URL spoofing

URL spoofing (to German as: faking an URL ) is the World Wide Web applied ( spoofing -) method to the visitor to a site fraudulently pretend a false identity or to disguise the actual address of the page.

terminology

At least the following variants are distinguished in URL spoofing:

Link spoofing
Frame spoofing

While the fraudulent URL is directly visible in the browser with link spoofing (if it is not running in kiosk mode ), the manipulation with frame spoofing is not immediately visible to the user.

Sometimes website spoofing is spoken of in a more general way, where you can no longer tell from which website the content is coming from, even in the URL (of the browser).

All variants are content spoofing.

functionality

A distinction must be made between attacks on the user (browser) and attacks on the server (web application) in terms of functionality.

Content spoofing

With phishing , for example, a user can be fooled into thinking he is on the page http://register.example.com - in truth, the address http: //register.example.com@192.168.1.1 is called instead , which one Authentication of the user “register.example.com” at the host 192.168.1.1 corresponds to.

URL spoofing is made possible by security holes in web browsers . In December 2003, for example, the spoofing of such a URL in Internet Explorer and published patches worked. But Mozilla also had the same problem at the end of 2003, which was only fixed with version 1.6. After the problem initially appeared to have been resolved in early 2004, exploits reappeared in April 2004 that worked in Internet Explorer , Opera 7.2, KDE's Konqueror 3.1.3 and Apple's Safari . Only Mozilla's browser was not affected this time.
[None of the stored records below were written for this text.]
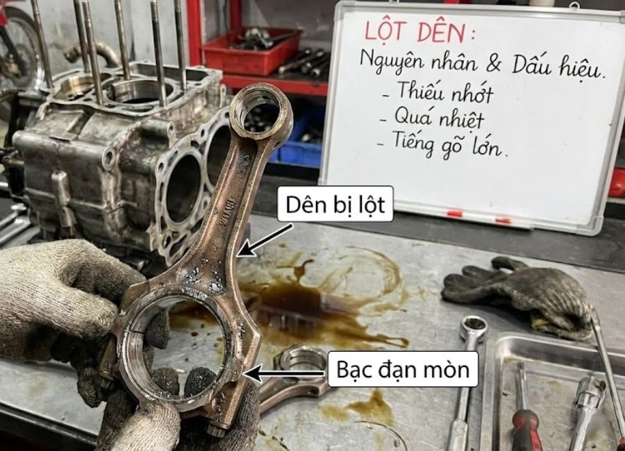 Nhớt kém chất lượng hoặc thiếu nhớt: Đây là nguyên nhân hàng đầu. Không đủ dầu bôi trơn sẽ làm cháy bạc đạn, xước ắc dên và gây lột dên.
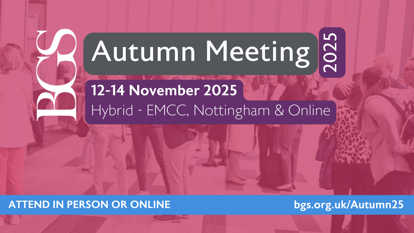 | Fully Funded Places: In Person or Online Members in Category B, C and D are now eligible to apply for a new BGS event grant. This will cover the registration cost for a BGS conference, either virtually or in person. Applications can be submitted from the event registration page, and should be requested and approved before completing registration. |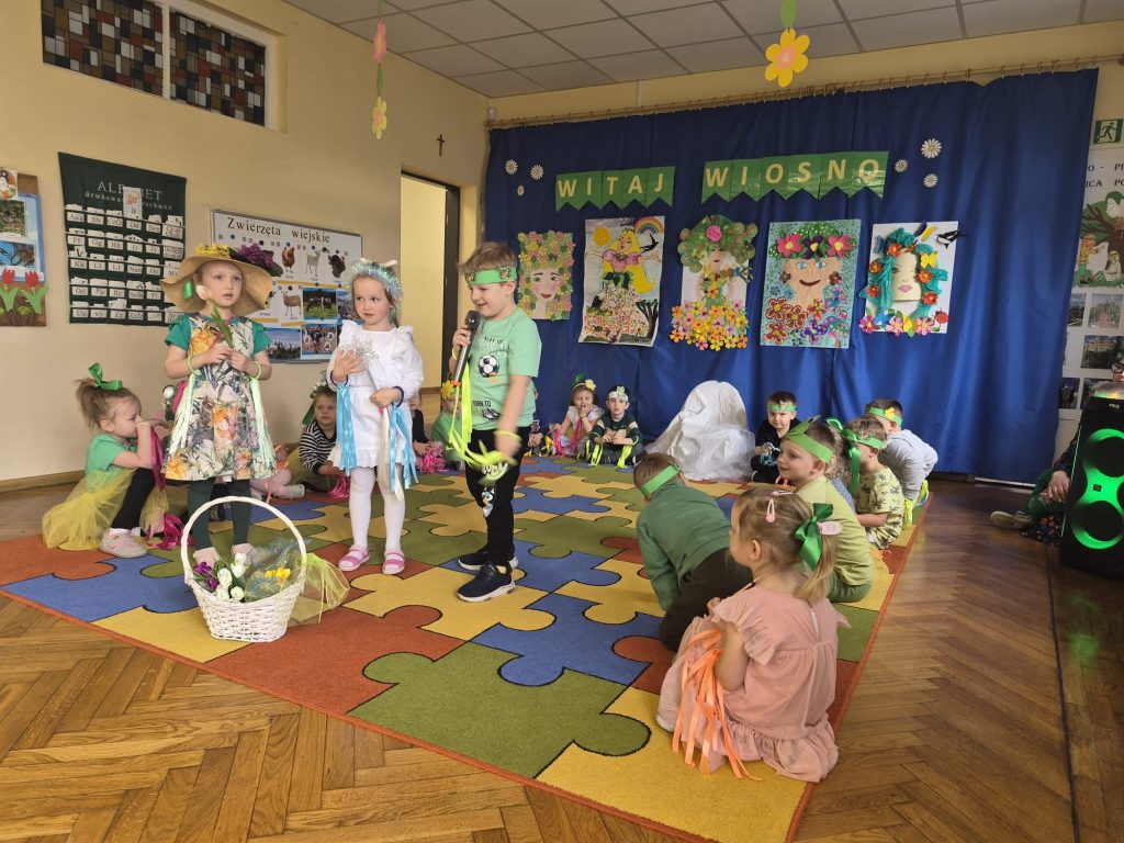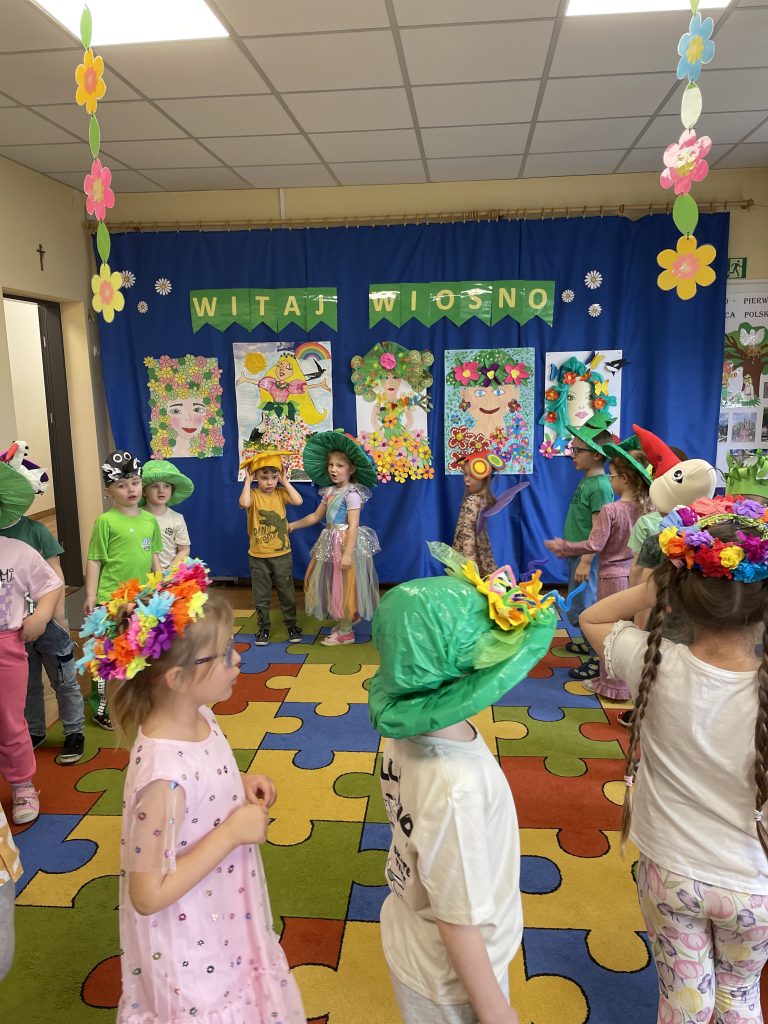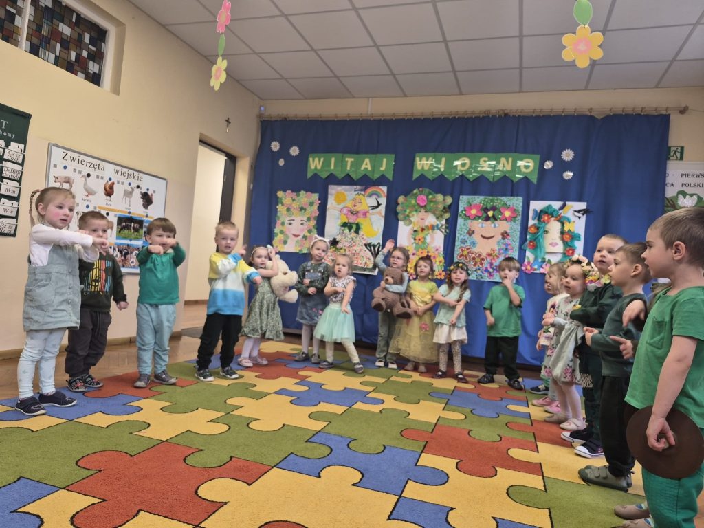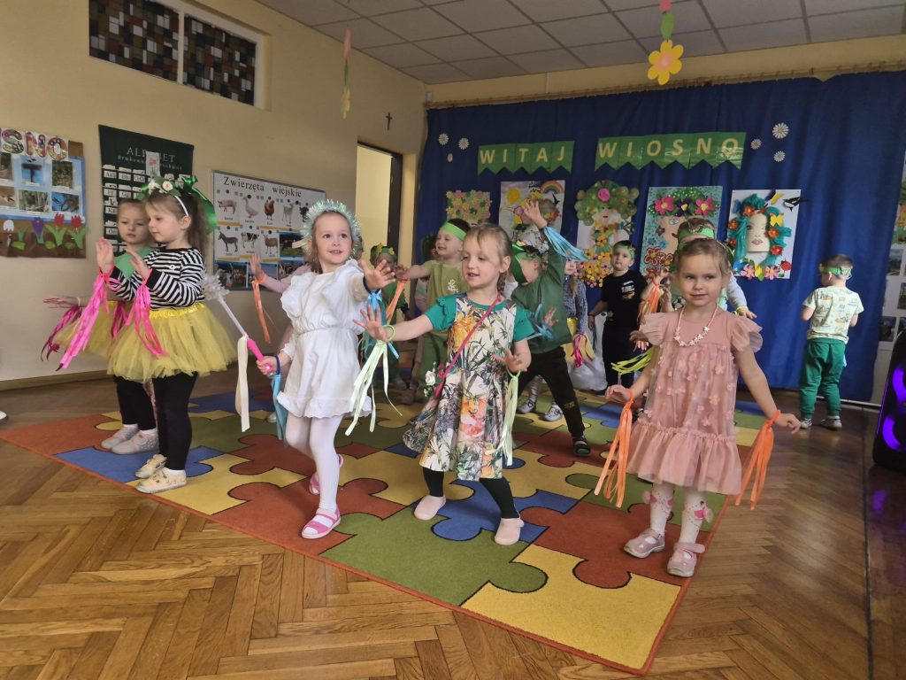 Powitanie wiosny w naszym przedszkolu odbyło się 20 marca od występu dzieci z grupy Stokrotek, które wierszykami i tańcem przywitały wyczekiwaną porę roku. Po odgadnięciu zagadek i zabawach sprawnościowych, przedszkolaki z każdej grupy zaprezentowały przygotowane piosenki, które wprowadziły wszystkich w radosny, wesoły nastrój. Następnie przemaszerowały wokół przedszkola w barwnym korowodzie z kwiatkami, balonami, palemkami skandując hasła o wiośnie. Mamy nadzieję, że wiosna zagości na dobre a wraz z nią ciepłe dni na które z utęsknieniem czekamy.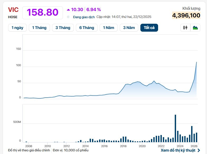 Thị trường chứng khoán Việt Nam khởi động tuần mới đầy hưng phấn nhờ sự dẫn dắt mạnh mẽ từ nhóm cổ phiếu vốn hóa lớn. Tâm điểm đổ dồn về cổ phiếu VIC của Vingroup khi nhanh chóng xác lập mức giá trần lên mốc 158.800 đồng/cp, thậm chí còn trong tình trạng ‘trắng bên bán’. Đây đã là phiên tăng mạnh thứ hai liên tiếp của VIC, đưa thị giá áp sát đỉnh lịch sử.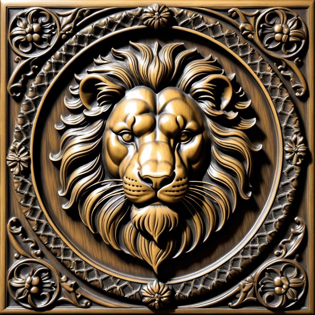 Beautiful engraving on a plaque, with no text, polyptych, featuring a beautiful lion with high detail.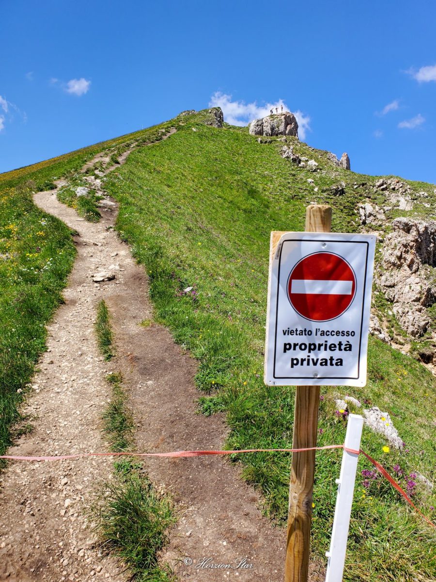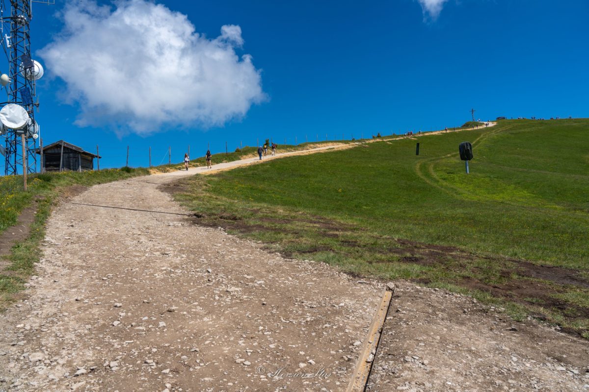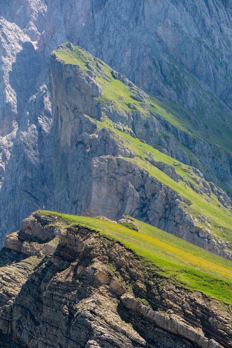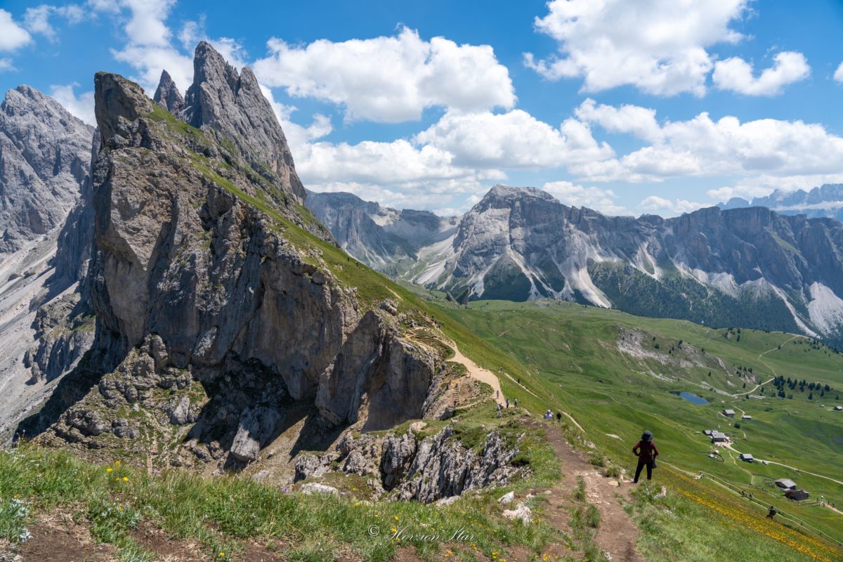 然而在坡顶并没有看到著名的seceda的角度,被旁边的山石挡住了一部分。于是再顺着小径往下走。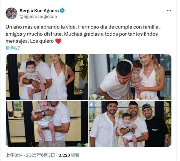 阿圭罗喜迎37岁生日:社媒晒家庭欢聚照,深情致谢全球粉丝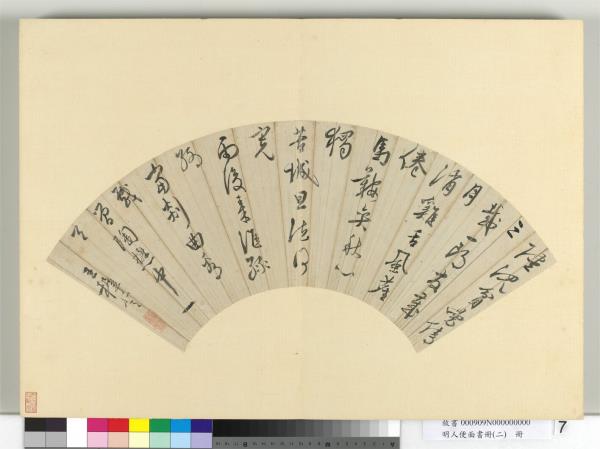 明人便面書冊(二) 冊 明王穉登草書五言律詩 Album of Folded Fans by Ming Calligraphers (Two): Five-Character Regulated Verse in Cursive Script by Wang Zhideng |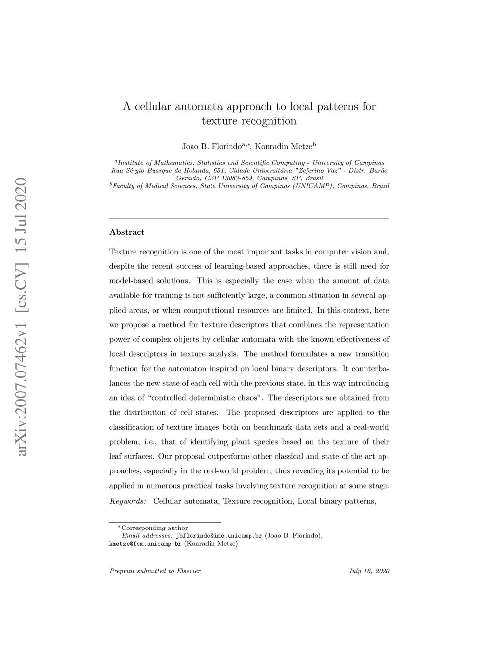 A cellular automata approach to local patterns for texture recognition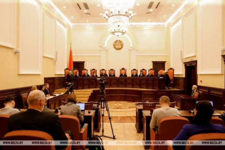 15 декабря 2021 года в Минске прошло заседание Конституционного суда по делу «О соответствии общепризнанным принципам и нормам международного права документов, принятых (изданных) Европейским союзом и некоторыми иностранными государствами, и их органами, предусматривающих введение ограничительных мер в отношении Республики Беларусь».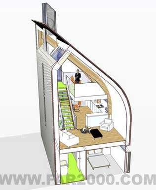 這座房屋還能夠根據(jù)氣候變化預(yù)測溫度的增長,通過一座風(fēng)斗來提供被動(dòng)的制冷和通風(fēng),并遮擋了陽臺和百葉窗,避免陽光直射和熱量吸收。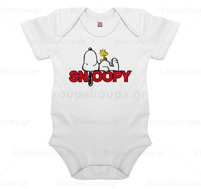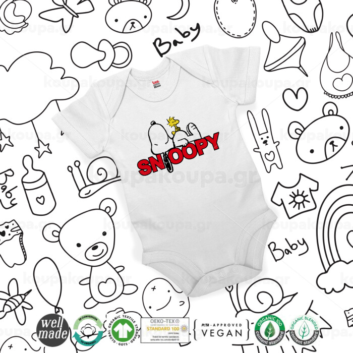 Snoopy sleep, Βρεφικό φορμάκι μωρού, 0-24 μηνών, ΛΕΥΚΟ, 100% Organic Cotton, κοντομάνικο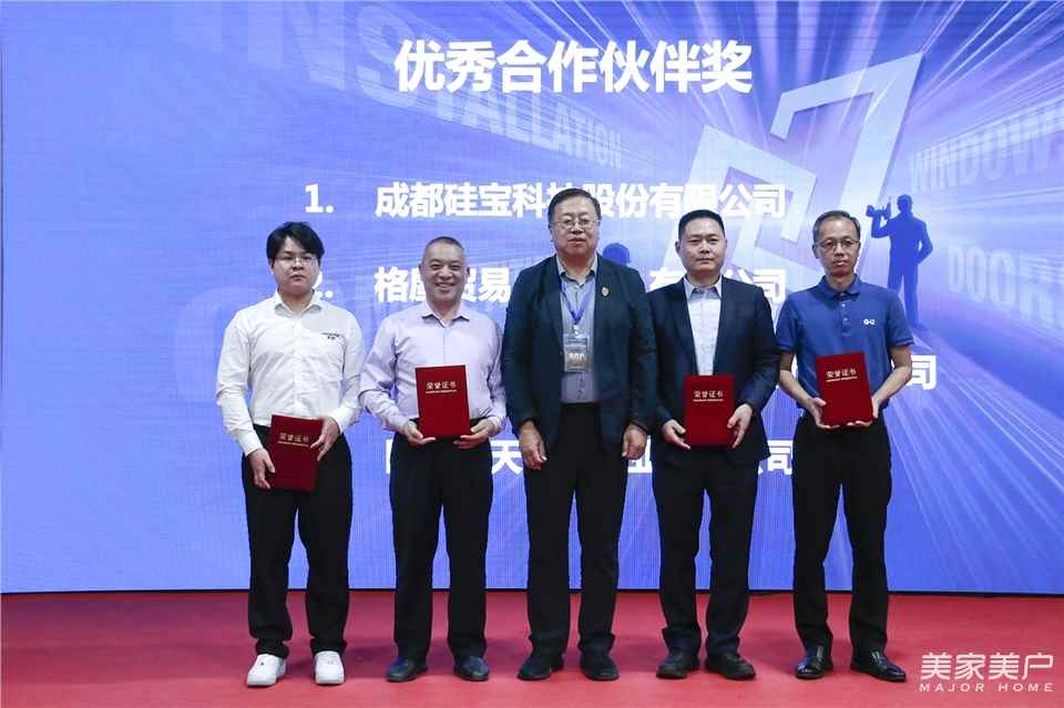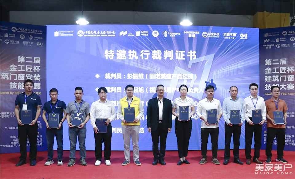在表彰环节,中国建筑金属结构协会检测认证分会会长王洪涛,为成都硅宝、格屋、老赖不赖超安全门窗、固诺颁发了“优秀合作伙伴”荣誉。广东门业协会执行会长徐生,对助力本次大赛的10位裁判员颁发特邀执行裁判证书。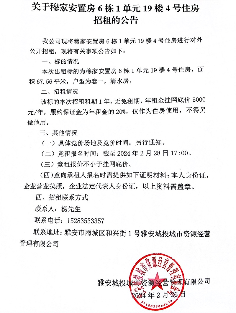 關于穆家安置房6棟1單元19樓4號住房招租的公告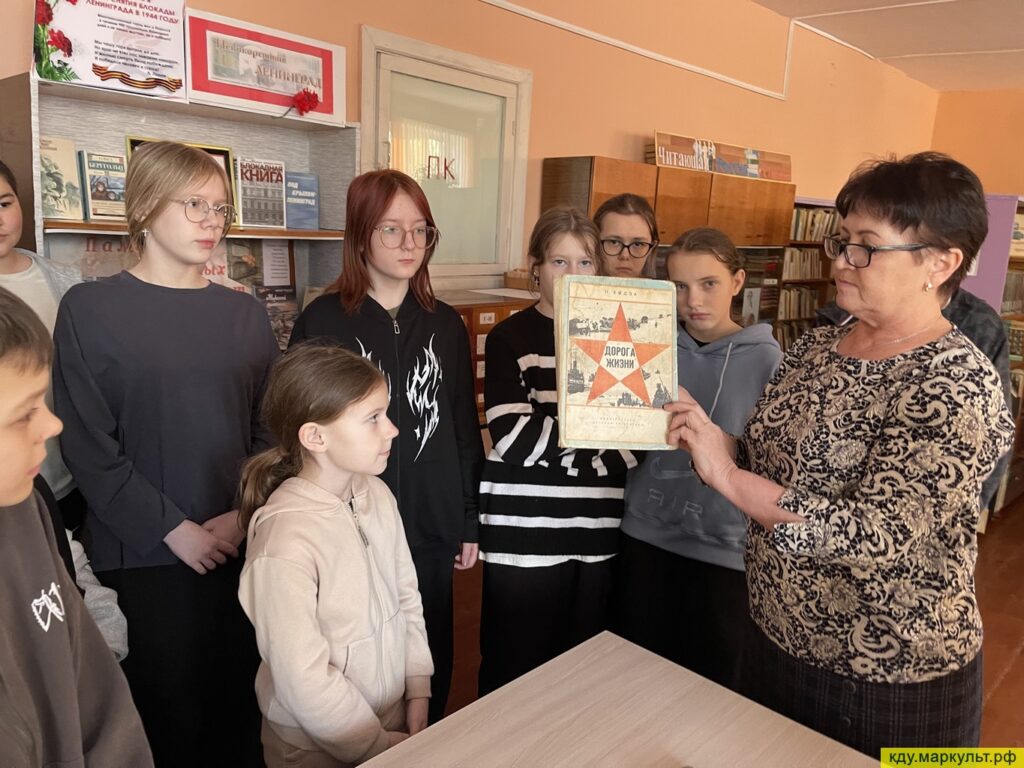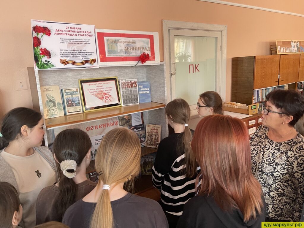 Вниманию ребят был представлена выставка литературы о жителях и защитниках блокадного Ленинграда, а также образец хлеба.
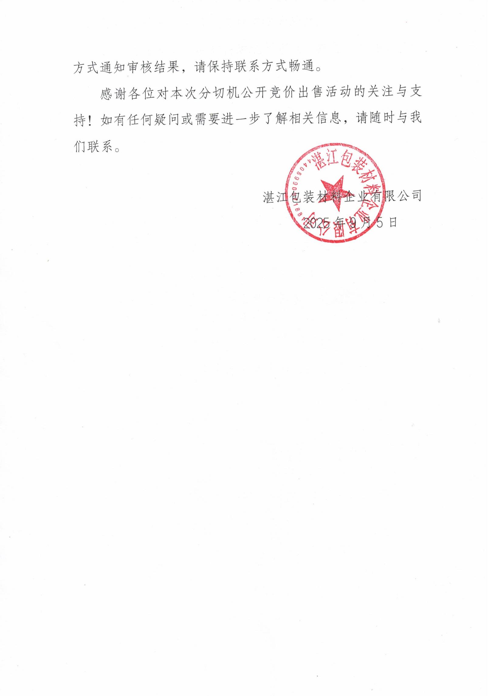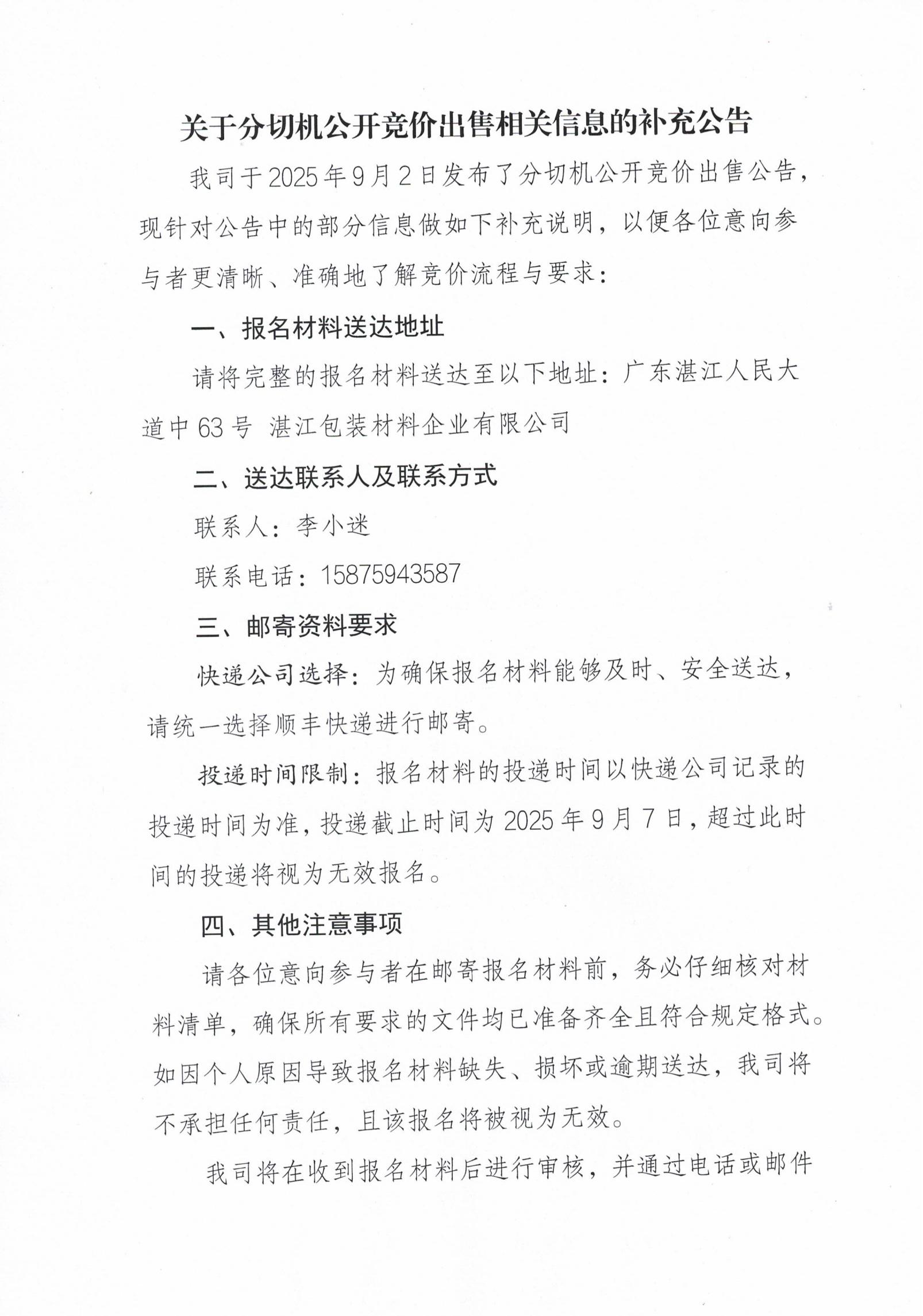 關(guān)于分切機(jī)公開競價出售相關(guān)信息的補(bǔ)充公告

URL spoofing can also be caused by web application security vulnerabilities . The web application sends data provided by the user to the browser. This is particularly dangerous if it can misuse a trustworthy site for phishing. What is particularly tricky here is that this also works with HTTPS-secured websites without violating the SSL certificate.

Server side

The following can also be described as URL spoofing: Some sites charge for their services. With some websites, you can make this payment ineffective by spoofing the so-called HTTP referrer , which contains the address of the last website you visited, and thus access possibly adult content. For example, you set the HTTP referrer address on a URL within the protected member area. The server of the corresponding website assumes that the respective user is already logged in, unless the operator has installed an additional check.

Types of attack

Attacks on the browser (content spoofing) take place either through the transmission of appropriately manipulated links to the user by email or through the entry of a correspondingly defective link e.g. B. in forums, blogs, etc. Cross-site scripting vulnerabilities are mostly exploited in web applications. HTTP response splitting vulnerabilities in web servers or web applications can also be used.

Web links

A-I3 - Working Group on Identity Protection on the Internet

Individual evidence

↑ Jürgen Schmidt: Fake URLs in Internet Explorer . In: Heise Security, December 9, 2003.
^ Daniel Bachfeld: Wrong URLs also under Mozilla . In: Heise Online, December 15, 2003.
↑ Daniel Bachfeld: Another trick for URL spoofing in Internet Explorer . In: Heise Online, April 1, 2004.

[1] Jürgen Schmidt: Fake URLs in Internet Explorer . In: Heise Security, December 9, 2003.

[2] Daniel Bachfeld: Wrong URLs also under Mozilla . In: Heise Online, December 15, 2003.

[3] Daniel Bachfeld: Another trick for URL spoofing in Internet Explorer . In: Heise Online, April 1, 2004.